In this article, we shall be focussing very much upon 4. Achior, a supposed Ammonite, with just brief notes on the rest of 1-6.


Achior could not have been an Ammonite!


If we are to take seriously the Book of Judith, and not just relegate it (as do most commentators) to merely some ‘pious fiction’ genre, then it is impossible that Achior was an Ammonite. And the same would apply (unless there were a different law for females) to 3. Ruth, a supposed Moabite (“a prototypical Gentile who must be inspired by the teachings of our Torah”: For, according to Deuteronomy 23:3: “No Ammonite or Moabite may enter the LORD’s assembly; none of their descendants, even to the tenth generation, may ever enter the LORD’s assembly”. Yet of Achior it is said, upon Judith’s victory over the now headless “Holofernes”: “When Achior saw all that the God of Israel had done, he believed firmly in God. So he was circumcised, and joined the house of Israel, remaining so to this day.” – Judith 14.10 (NRSV).

Commentators struggle to deal with this apparently blatant breach of Mosaïc Law. For example (


In … Judith 14.10, Achior becomes a proselyte within the house of Israel. It is interesting to note that at least to the author of the Book of Judith … they seemed to have no problem in letting Achior within the house of Israel. … Since it should be noted that Achior isn’t just any sort of pagan, he’s an Ammonite, a chief leaders, as evidence by Judith 5.5a “Then Achior, the leader of all the Ammonites.”

But if one remembers Deuteronomy 23.3 it reads that “No Ammonite or Moabite shall be admitted to the assembly of the Lord.
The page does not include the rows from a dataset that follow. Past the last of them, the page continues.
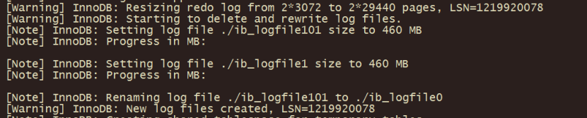 修改日志文件大小的方法很简单,只需要修改参数文件中的innodb_log_file_size的设置,然后重新启动MySQL即可。不需要删除当前的日志文件,在启动过程中,MySQL会发现参数值和当前日志文件的大小不一样,然后自动删除旧的日志文件,并创建新的日志文件,在MySQL的错误日志里会有如下记录: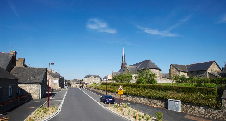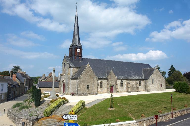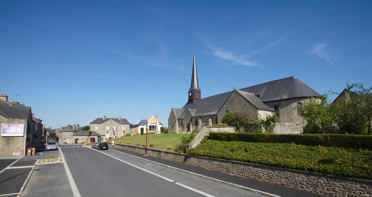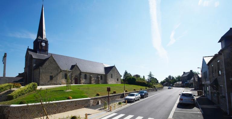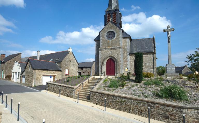 La façade ouest présente un clocher-porche en hors-œuvre, flanqué au sud de la chapelle des fonts. Il y a des traces de reprises à la jonction des deux constructions. Les élévations latérales sont aveugles, et l'élévation ouest a une partie centrale en avant-corps. La façade compte deux niveaux : un grand portail en arc-brisé et oculus, surmonté de la date 1864.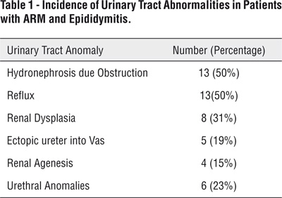 CONCLUSION: Epididymitis in a patient with ARM warrants a comprehensive urologic investigation, particularly in recurrent episodes. Attempts at surgical intervention (e.g. vasectomy) should be avoided until functional assessment of the urinary tract has occurred. Failure to recognize this association may lead to potentially avoidable complications and morbidity. Long term urological follow up of these patients is warranted to identify at risk patients and minimize renal deterioration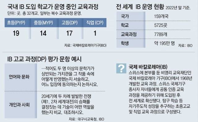 IB는 스위스에 본부를 둔 비영리 교육재단인 국제바칼로레아기구(IBO)가 1968년부터 개발해 보급한 교육 과정이다. 지난해 말 기준 전 세계 159개국에서 5725개 학교가 IB를 도입해 운영 중이다. 한국에서는 대구, 제주 일부 학교가 도입했고 경기, 부산, 충남 등 각 교육청도 도입 논의가 활발하다.》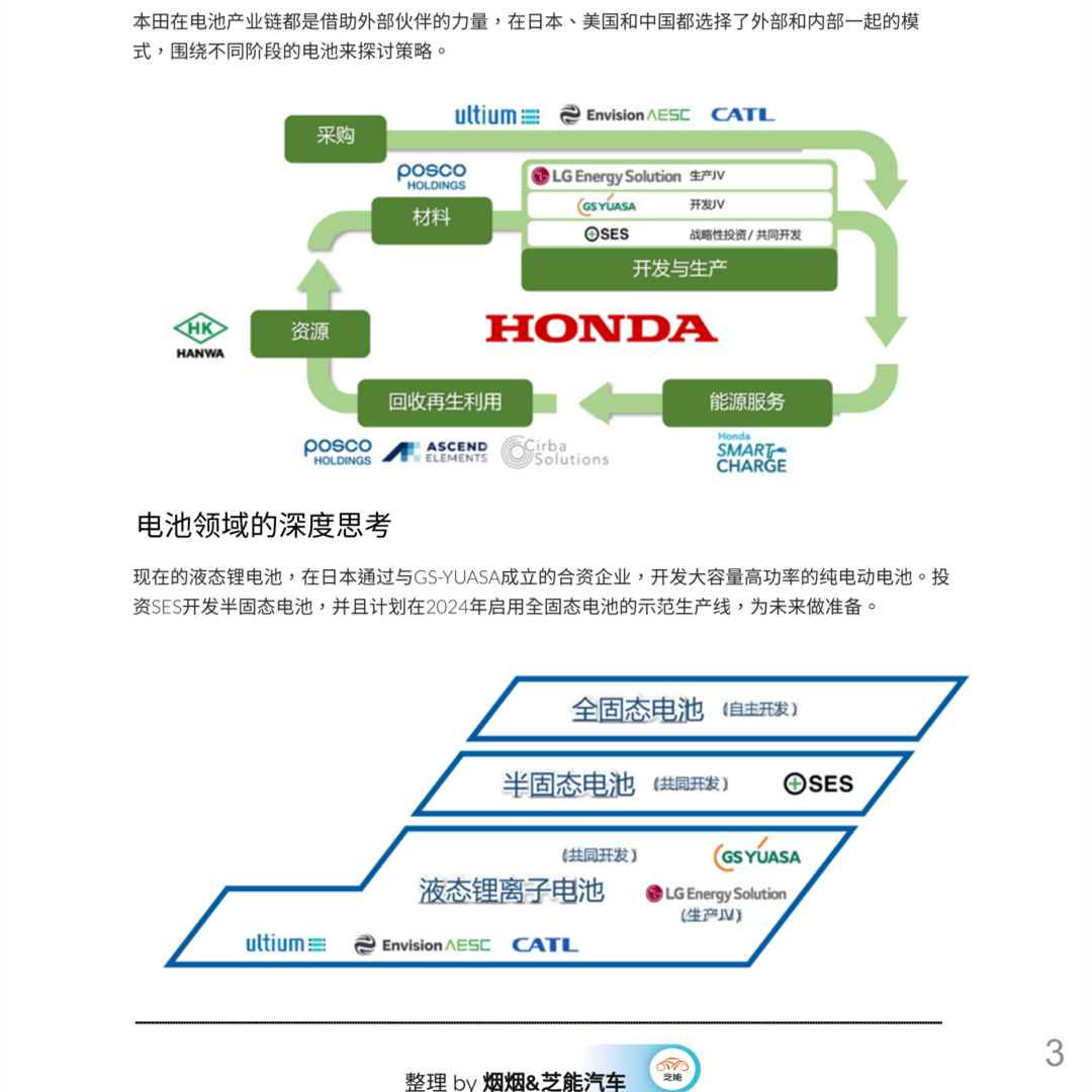在電池采購(gòu)和開發(fā)方面,本田將與多家電池企業(yè)合作,加強(qiáng)液態(tài)鋰離子電池的外部合作,采購(gòu)稀有金屬等電池資源,并計(jì)劃在2020年代后半期推出半固態(tài)和全固態(tài)電池等新一代電池。

Even to the tenth generation, none of their descendants shall be admitted to the assembly of the Lord,” So before even going any further, when one looks at Achior, we see in him one of the … unlikeliest men to convert to Judaism.

Despite the rule in Deuteronomy, the Book of Judith has Achior converted. There are of course a variety of different reasons given to why Achior might have been exempted from the rule. Perhaps he was a special case (as was Ruth the Moabitess), perhaps the prohibition has past, Achior being past the tenth generation, or maybe the author is even just expressing the same “universalism,” of the book of Jonah. ….
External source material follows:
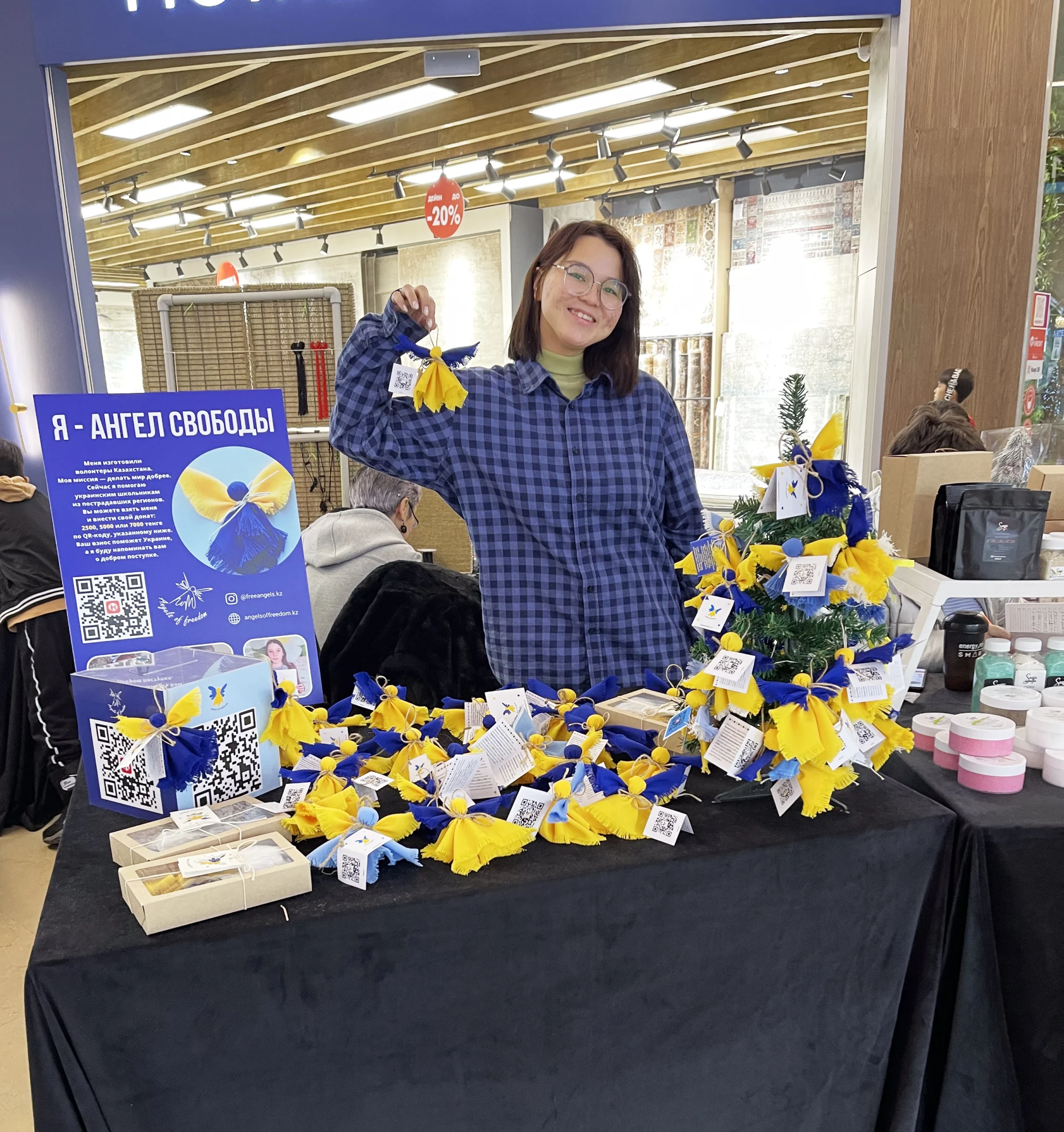 — Да, в ноябре на первой крупной толоке в Алматы я сделала своих первых ангелов. Это действительно классно, потому что это какой-то такой процесс… немножко умиротворяющий, учитывая, что там собираются абсолютно разные люди, и вы там разговариваете, находите какие-то общие темы. И да, я сама лично продавала их [ангелов], потому что я координатор «Ангелов Свободы» в Алматы. То есть не только находила, где мы будем проводить ярмарки, но и готовила те же бирочки, плакаты, сама стояла на ярмарках и рассказывала людям о проекте.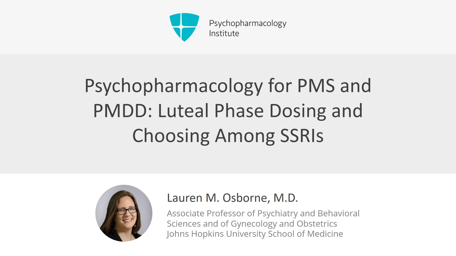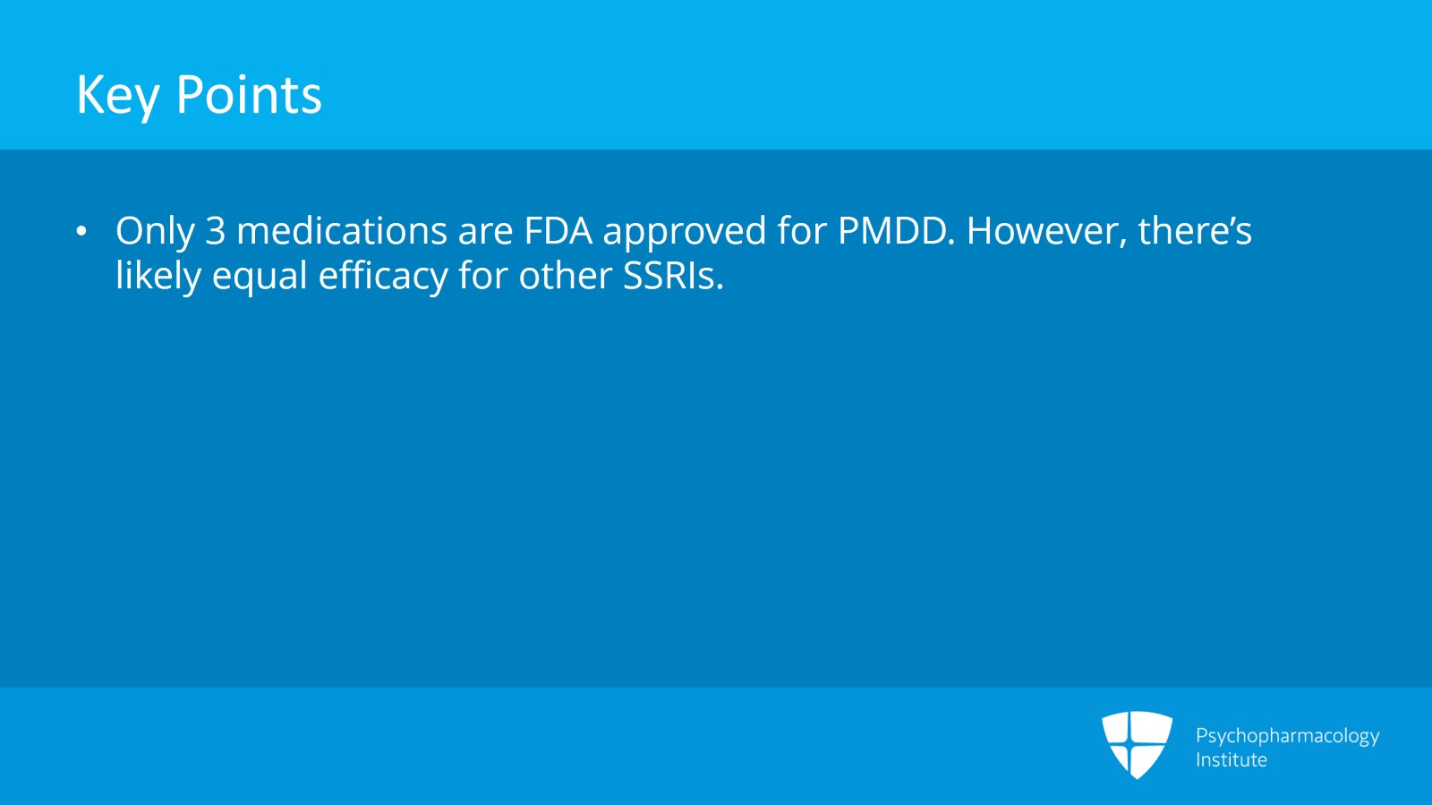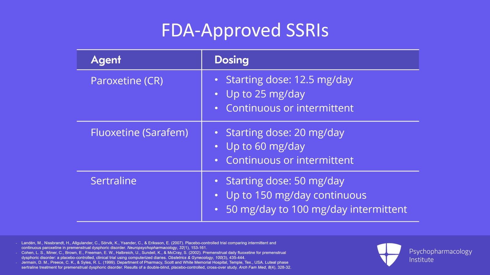 So we know that there are a number of SSRIs that are FDA approved for PMDD but other SSRIs are likely equally effective. They just haven't been studied enough to be FDA approved. Most of the studies show that there's actually no difference in efficacy by method of dosing whether you dose them luteal phase only, symptom onset only or continuous. The three SSRIs that have been FDA approved are controlled release paroxetine, fluoxetine, and sertraline. And what we also know about SSRIs in PMDD is that they can be used at much lower doses than we use them for major depressive disorder. So for the controlled release paroxetine, the usual starting dose for PMDD is 12.5 mg and using it at 12.5 to 25 mg a day either continuous or intermittent dosing. For fluoxetine, usual starting dose will be 20 mg and use again 20 to 60 mg for either continuous or intermittent dosing. And for sertraline, that usual starting dose would be 50 mg and using it 50 to 150 when there is continuous dosing and 50 to 100 for intermittent dosing.

In any case, despite who Achior is racially, the author of Judith clearly wishes for him to be seen in the light of the other righteous Gentiles of the bible. … Achior is said to believe “firmly,” or “exceedingly, the greek word being σφόδρα which Crowley say “must mean ‘with all his heart,’”…. Thus Achior is indeed a genuine conversion, moreover he moves from the simple “God fearer,” sort of Gentile and now into full proselytism, and hence has “bound himself,” the laws which accompany that. …. So that in spite of all the difficulties which Achior brings, he becomes a symbolic invitation to other would be converts, to the author, Achior is not one secluded case, but instead a representative of all gentiles who would wish to come to faith in the God of Israel. …

[End of quote]


This interpretation, we would suggest, is not the answer. The complete story of Achior is to be found only in the Catholic Bible. Providentially, we Catholics have also for this very same historical period the Book of Tobit, whose Vulgate version likewise tells of this Achior (11:20: …. veneruntque Achior et Nabath consobrini Tobiae gaudentes …), otherwise called Ahikar.
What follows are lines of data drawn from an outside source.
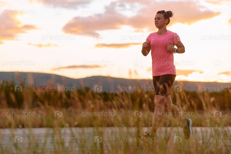 Решительный спортсмен бежит под солнцем на фоне прекрасной природы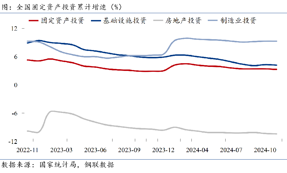 ◎ 1-11月,全國固定資產(chǎn)投資同比增長3.3%。其中,全國基礎(chǔ)設(shè)施投資同比增長4.2%;全國制造業(yè)投資同比增長9.3%;全國房地產(chǎn)開發(fā)投資93634億元,同比下降10.4%;新建商品房銷售面積86118萬平方米,同比下降14.3%,降幅比1-10月份收窄1.5個(gè)百分點(diǎn)。
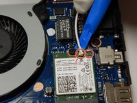 Using the iFixit Opening Tool, disconnect the black and white coaxial cables from the wifi card.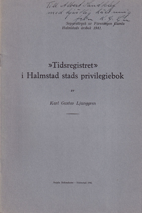 Halmstad, Meijels Bokindustri, 1941. 8:o. s. [56]-69. Klammerhäftad med styvt tryckt grått pappersomslag. Välhållet exemplar. Tillskrift ‘Till Albert Sandklef / med hjärtlig hälsning / från K.G. Ljn’ på främre omslag.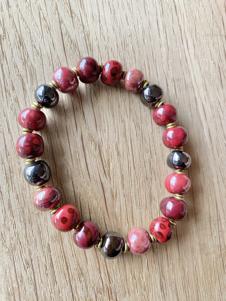 Armbånd med keramikperler, monteret på elastiktråd. Mål: ca 19 cm. Rødt med rødt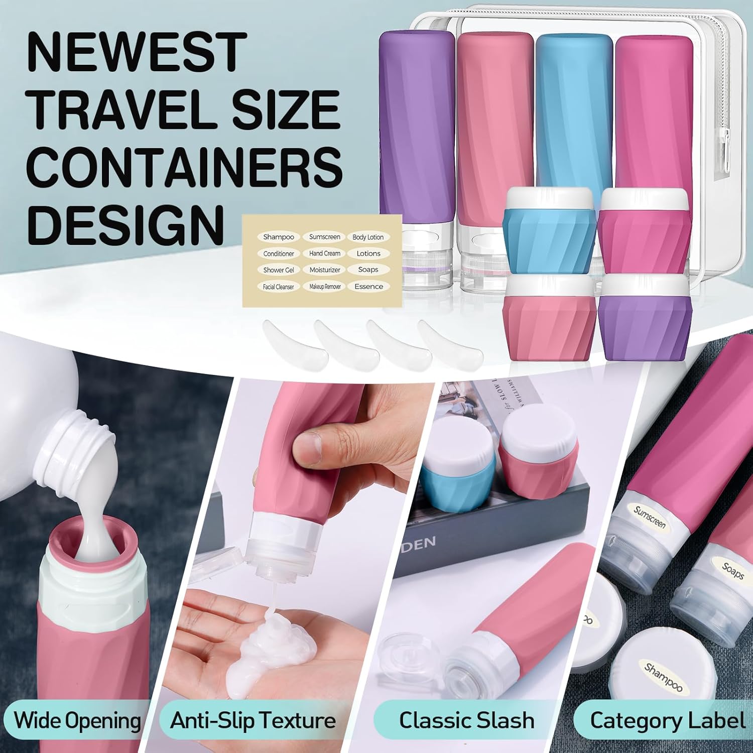 - 【14PCS Travel Toiletries Containers】This Travel Set includes 4 silicone travel bottles, 4 silicone travel jars, 4 spoons, 1 printed label, and 1 clear zipper bag. It offers different accessories for your needs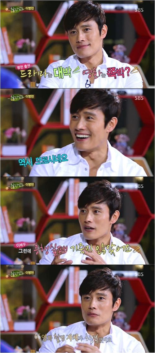 이병헌은 18일 방송된 SBS 토크쇼 ‘힐링캠프, 기쁘지 아니한가’에서 데뷔 초기 드라마 인기에 비해 영화 흥행을 하지 못한 것에 대해 “처음 영화에 데뷔하고 4편 연속 기대에 미치지 못했다”고 인정했다.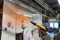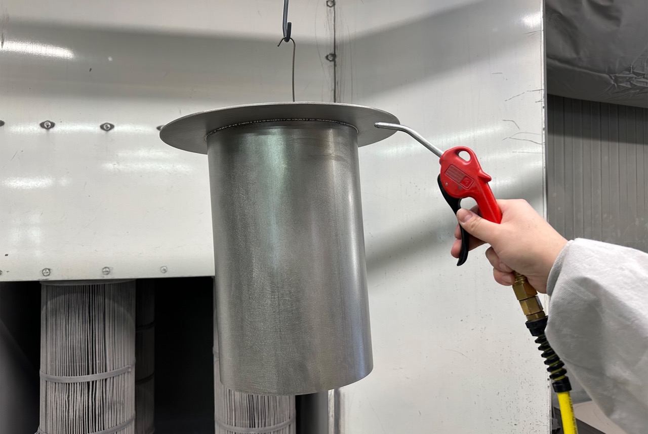 Bevor es ans Pulverbeschichten geht, werden die Gegenstände gründlich gereinigt. Mit Wasser, Druckluft und Reinigungsmitteln lassen sich Verschmutzungen von der Herstellung oder dem Transport entfernen. Dabei wird außerdem eine chemische Reaktion erzeugt, die den Korrosionsschutz verbessert und bewirkt, dass der Pulverlack später gut haften bleibt. Danach müssen die Gegenstände erst einmal trocknen.
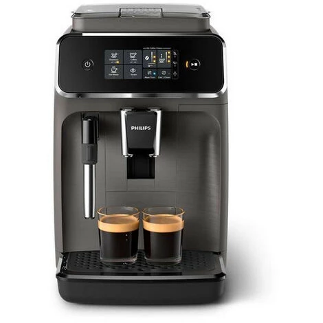 Le robot café Séries 2200 Philips EP2224.10 est un expresso broyeur entièrement automatique. Savourez des boissons en toute simplicité (2 boissons au choix). Que vous ayez envie d’un expresso, d’un café classique ou d’eau chaude, votre machine toute automatique vous prépare une tasse parfaite, en toute simplicité et en un rien de temps. Personnalisez facilement chaque boisson en réglant l’intensité (3 niveaux), la température et le volume de votre boisson grâce au Menu My Coffee Choice.Broyeur 100% céramique pour une mouture uniforme sans surchauffer le café, pour un expresso impeccable. La céramique garantit en outre une durée de vie prolongée et un fonctionnement totalement silencieux.Cette machine offre 12 niveaux différents de mouture, de la plus fine pour un expresso intense à la plus grosse, pour un café crème léger. Option »Café Moulu » pour vous permettre notamment de préparer un café décaféiné quand vous le souhaitez. Le mousseur à lait classique, également appelé Pannarello par les baristas vous permet de préparer une onctueuse mousse de lait pour votre cappuccino ou votre latte machiatto.

Now, Achior (or Ahikar) was Tobit’s very nephew (Tobit 1:21-22 GNT):


[The Assyrian king] Esarhaddon … put Ahikar, my brother Anael’s son, in charge of all the financial affairs of the empire. This was actually the second time Ahikar was appointed to this position, for when Sennacherib was emperor of Assyria, Ahikar had been wine steward, treasurer, and accountant, and had been in charge of the official seal. Since Ahikar was my nephew, he put in a good word for me with the emperor ….


The Tales of Ahikar(var. Ahiqar), the inspiration for Æsop and Sinbad, are famous in literature. This Ahikar was celebrated in the ancient Near East for his outstanding wisdom. Intriguingly, some of his sayings were appropriated by ‘Mohammed’ and inserted in various Sura of the Koran ( But Ahikar was no more an Assyrian sage than he was an Ammonite. He was presumably, like his uncle Tobit, an Israelite from the tribe of Naphtali.

What pagan Ammonite would have been able to rattle off the history of Israel so unhesitatingly as Achior (in an historical summary reminiscent of St. Stephen’s to the Sanhedrin, Acts 7:2-47) was able to do when asked by “Holofernes”: ‘… tell me about the people who live in these mountains. Which cities do they occupy? How large is their army? What is the source of their power and strength? Who is the king who leads their army? Why have they alone, of all the people in the west, refused to come out and surrender to me?’ (Judith 5:3-4, 6-19)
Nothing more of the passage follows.